- [DATA PROVIDED]:
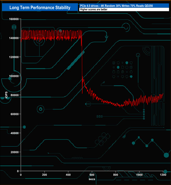 For the long term performance stability test, we set the drive up to run a 20-minute 4K random test with a 30% write, 70% read split, at a Queue Depth of 256 over the entire disk. The 1TB PNY XLR8 CS3040 averaged 104,279 IOPS for the test with a very good 70% performance stability.
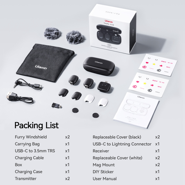 Az Ulanzi A30 vezeték nélküli mini lavalier mikrofon egy kompakt és professzionális hangrögzítési megoldás, amely tökéletes vloggerek, tartalomkészítők, interjúk és élő közvetítések számára. A csomagban két mikrofon és egy vevőegység található, így ideális két személy egyidejű rögzítésére. USB-C és Lightning kompatibilitásának köszönhetően széles körben használható okostelefonokkal és egyéb eszközökkel.
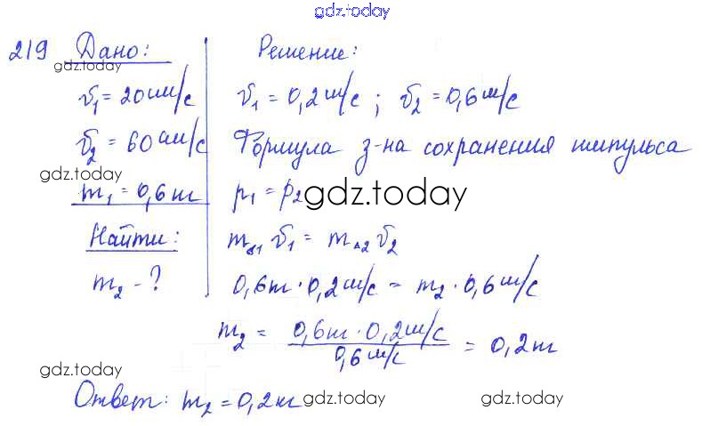 На страницах сайта gdz.today вы найдете учебный и вспомогательный материал, направленный на улучшения знаний школьной программы. ГДЗ - онлайн мир знаний Решение к заданиям 219 Сборнику задач по Физике для 7-9 класса Лукашик, Иванова Просвещение 2011

- [EXERCISE DIRECTIONS]:
The whole listing above is to be printed again exactly; pictures stay out of it.

- [RESPONSE TO THE TASK]:
 For the long term performance stability test, we set the drive up to run a 20-minute 4K random test with a 30% write, 70% read split, at a Queue Depth of 256 over the entire disk. The 1TB PNY XLR8 CS3040 averaged 104,279 IOPS for the test with a very good 70% performance stability.
 Az Ulanzi A30 vezeték nélküli mini lavalier mikrofon egy kompakt és professzionális hangrögzítési megoldás, amely tökéletes vloggerek, tartalomkészítők, interjúk és élő közvetítések számára. A csomagban két mikrofon és egy vevőegység található, így ideális két személy egyidejű rögzítésére. USB-C és Lightning kompatibilitásának köszönhetően széles körben használható okostelefonokkal és egyéb eszközökkel.
 На страницах сайта gdz.today вы найдете учебный и вспомогательный материал, направленный на улучшения знаний школьной программы. ГДЗ - онлайн мир знаний Решение к заданиям 219 Сборнику задач по Физике для 7-9 класса Лукашик, Иванова Просвещение 2011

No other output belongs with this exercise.